Co-authors included Yang Song, Jiaman Xu, Issa J. Dahabreh, Rishi K. Wadhera, and Tianyu Sun of the Smith Center for Outcomes Research at BIDMC; James A. de Lemos and Sandeep R. Das of the University of Texas Southwestern Medical Center.
This work was supported in part by grants from the National Heart, Lung and Blood Institute (R01HL157530) and Patient-Centered Outcomes Research Institute (PCORI) (ME-1502- 27704). Sun is currently employed by Moderna; his involvement in this project occurred while he was employed at the Richard A. and Susan F. Smith Center for Outcomes Research before his employment at Moderna. Dahabreh is the principal investigator of research agreement between Harvard and Sanofi on statistical methods for vaccine trials with applications to influenza and has received consulting fees from Moderna. The other authors report no financial relationships with any organizations that might have an interest in the submitted work in the previous three years; no other relationships or activities that could appear to have influenced the submitted work.

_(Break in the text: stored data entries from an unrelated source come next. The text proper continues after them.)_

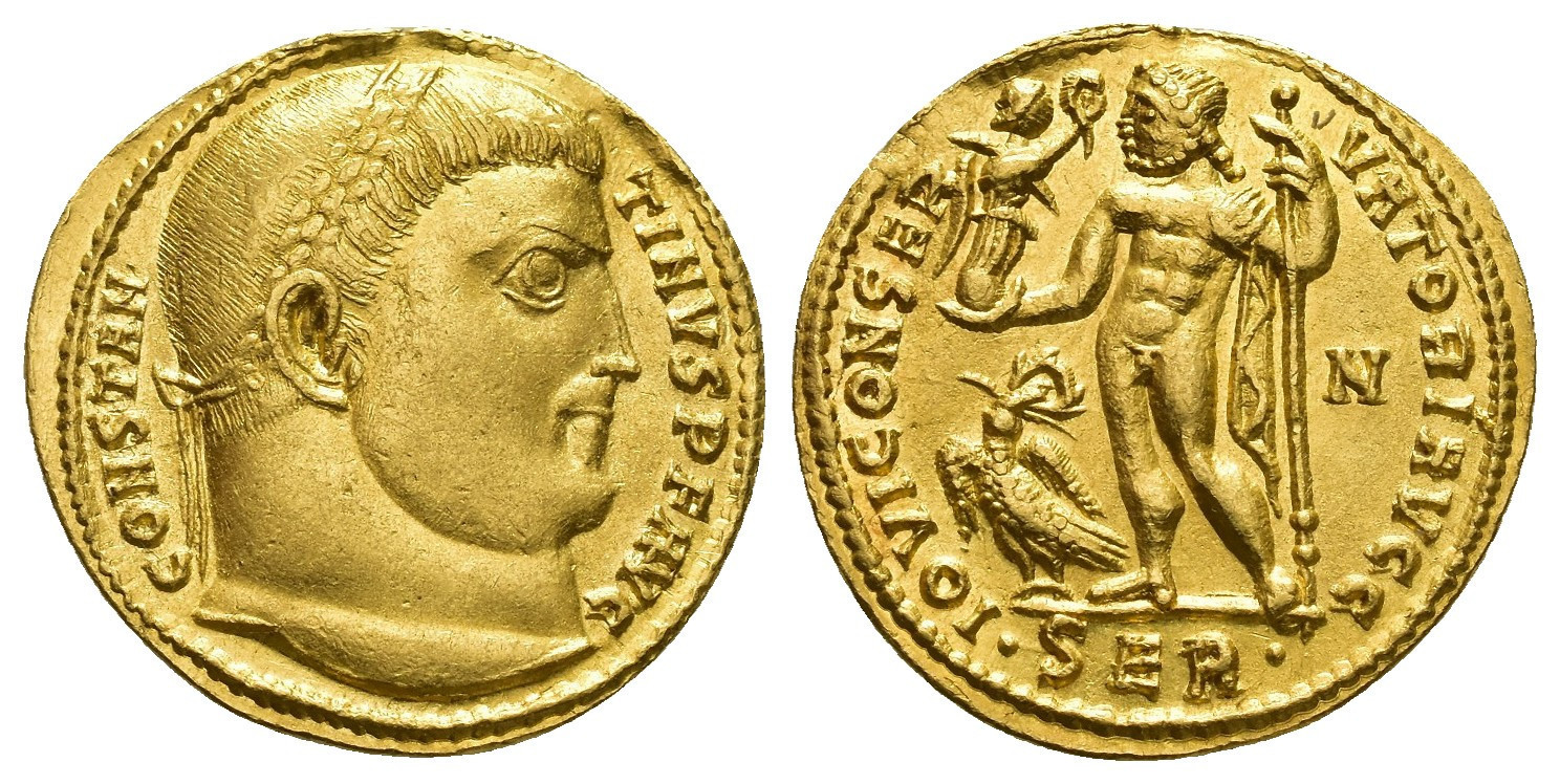IMPERIO ROMANO. CONSTANTINO I. Áureo. Serdica (313-314). A/ Cabeza laureada a der.; CONSTANTINVS P F AVG. R/ Júpiter a izq. con cetro, victoria y águila con corona en el pico a sus pies; IOVI CONSERVATORI AVGG. -/N//.SER. AU 5,28 g. 19,3 mm. RIC-2; Cal-5174. B.O. Pequeñas marcas. EBC/EBC+. Muy escasa.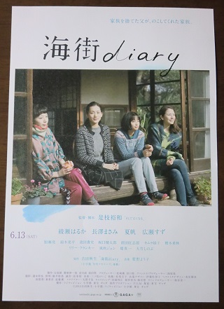 先日当選した仙台放送招待試写会「海街diary」を見てきました。 今週土曜日公開ということで、今週は宣伝のためにいろいろなバラエティ番組でこの4姉妹を見かけています。先日は「SMAP×SMAP」にも出ていました。明日は「VS嵐」にも出るらしいですね。 数々のマンガ賞を受賞のベストセラーコミックを是枝裕和監督が映画化、カンヌ映画祭でも話題の映画です。舞台の海街は鎌倉で、しかもドラマ「最後から二番目の恋」でキョンキョンと中井貴一さんがいつも利用していた同じ駅だったりするのですが、父親が亡くなって腹違いの四女すずちゃんが残された田舎の町、山形県という設定の場所はエンドロールを見たら、撮影は宮城県内らしいのです。七ヶ宿町と丸森町の名前が載っていました。そして、三姉妹を捨てたお父さんがすずちゃんのお母さんと再婚して暮らしていたらしい場所は仙台ということで、私たちにしたら、かなり親しみのもてる映画でした。そうそう、樹木希林さんが出てらして、この方、同時期にどれだけの映画に出ているんだとびっくり菅野よう子さんの音楽も、海風のように爽やかに、時に切なく、とてもきれいな曲が多かったです。 こっちも見てね「いけばな日記」にほんブログ村 いつもありがとうございます。今日もポチッとお願いします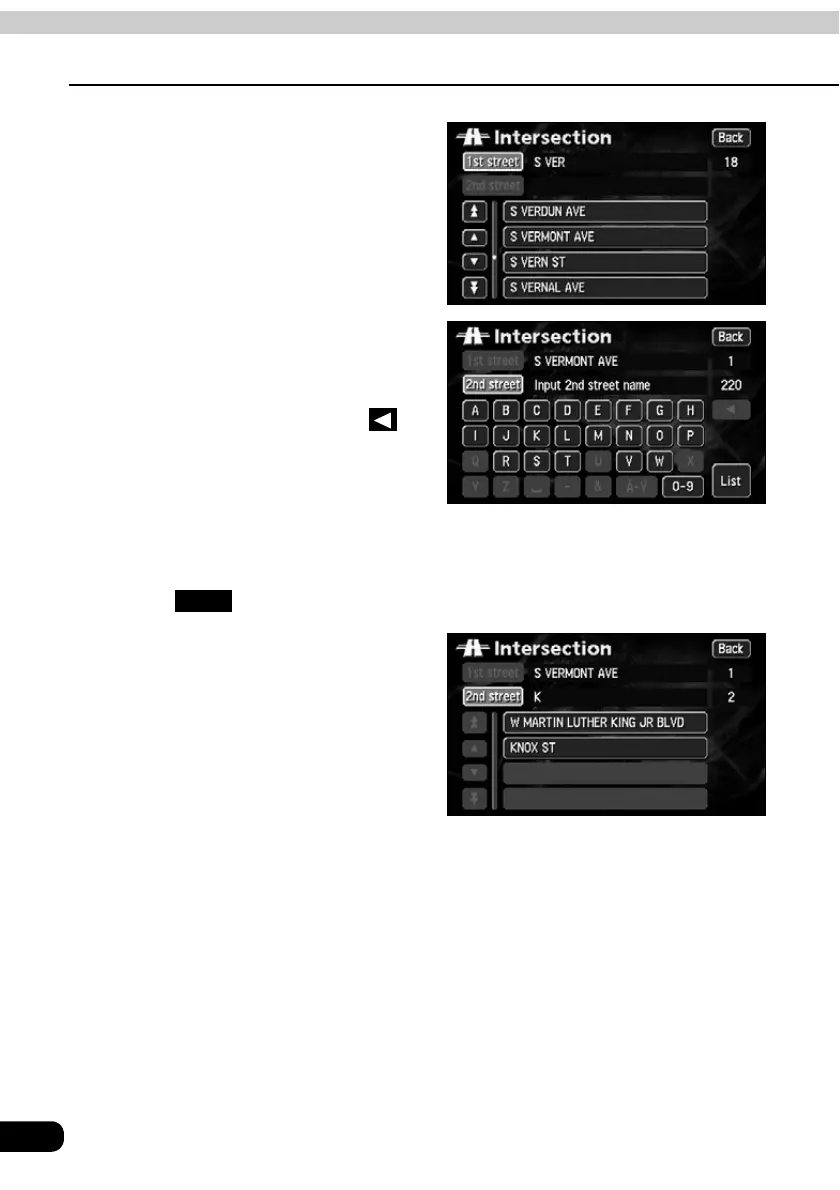 • Touch to display a list of the applicable streets.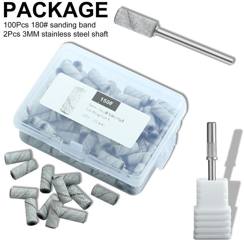 - UPGRADED 3MM SANDING BANDS: Comes with 100Pcs of #150 grit small sanding bands & 2Pcs 3mm small mandrel bit. Create a comfortable manicure experience when removing gel nails, shaping acrylic nails, and blending smooth surfaces.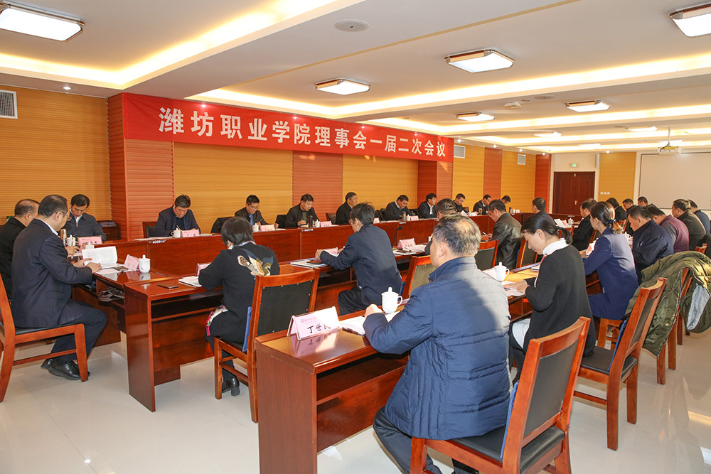 张洪全在致辞中向理事会单位和理事对学院事业发展的关心、支持表示了感谢。他从党的建设、优质高职院校建设、事业发展基本建设、产教融合校企合作等方面介绍了一年来学院发展情况。他强调,高等教育正处于转型并向高质量发展的关键时期,全省、全国的优质高职院校建设,教育部启动的“中国特色高水平高职院校和专业建设计划”,给学院事业发展带来了新的机遇和挑战。下一步,理事会要以习近平新时代中国特色社会主义思想为指导,认真贯彻落实党的十九大精神和全国教育大会精神,坚持“抓党建,促创建”工作主线,从学院办学实际出发,进一步加大制度建设力度,构建现代大学制度,推进依法治校,推进学院治理体系和治理能力现代化;进一步发挥联系社会、服务社会的作用,深化体制机制改革,建立健全政府、企业、社会共同支持和监督学院发展、协同育人的长效机制;进一步拓宽发展思路,抢抓新旧动能转换和“四个城市”建设的重大机遇,加快集聚各类优质资源,加强学科团队和平台建设,创新人才培养模式,朝着更高发展目标迈进;进一步助推学院提升人才培养质量和综合办学实力,努力创建“潍坊龙头、全省前列、全国一流”高水平高职院校,为区域经济社会发展作出更大贡献。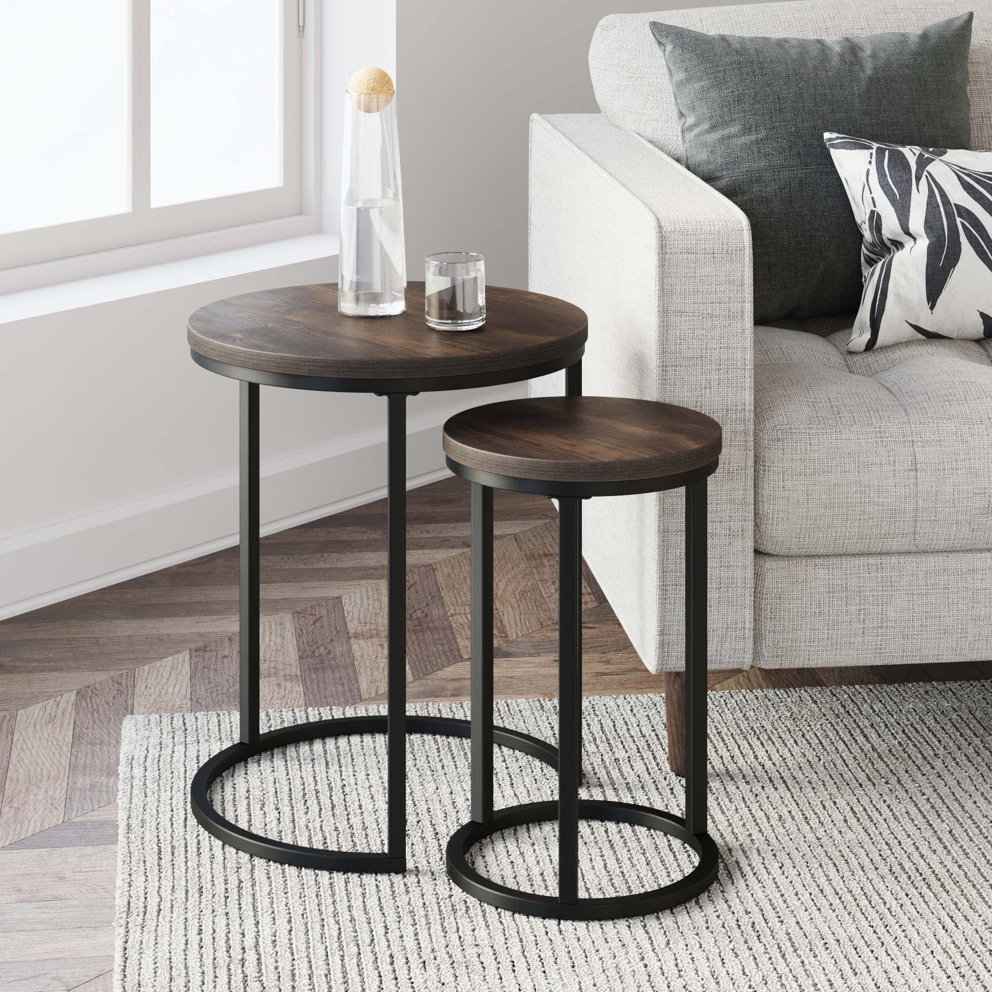 - The Lula sophisticated table features a thick nutmeg finish tabletop on both of the nesting tables which contrast perfectly with the powder-coated black metal legs. Use this set of 2 nested tables with a sturdy design to complement your living space and become an accent piece in your living room .Assembly Required. Material: Engineered Wood ;Paper Laminate; Metal

About Beth Israel Deaconess Medical Center
Beth Israel Deaconess Medical Center is a patient care, teaching and research affiliate of Harvard Medical School and consistently ranks as a national leader among independent hospitals in National Institutes of Health funding. BIDMC is the official hospital of the Boston Red Sox.
Beth Israel Deaconess Medical Center is a part of Beth Israel Lahey Health, a health care system that brings together academic medical centers and teaching hospitals, community and specialty hospitals, more than 4,800 physicians and 38,000 employees in a shared mission to expand access to great care and advance the science and practice of medicine through groundbreaking research and education.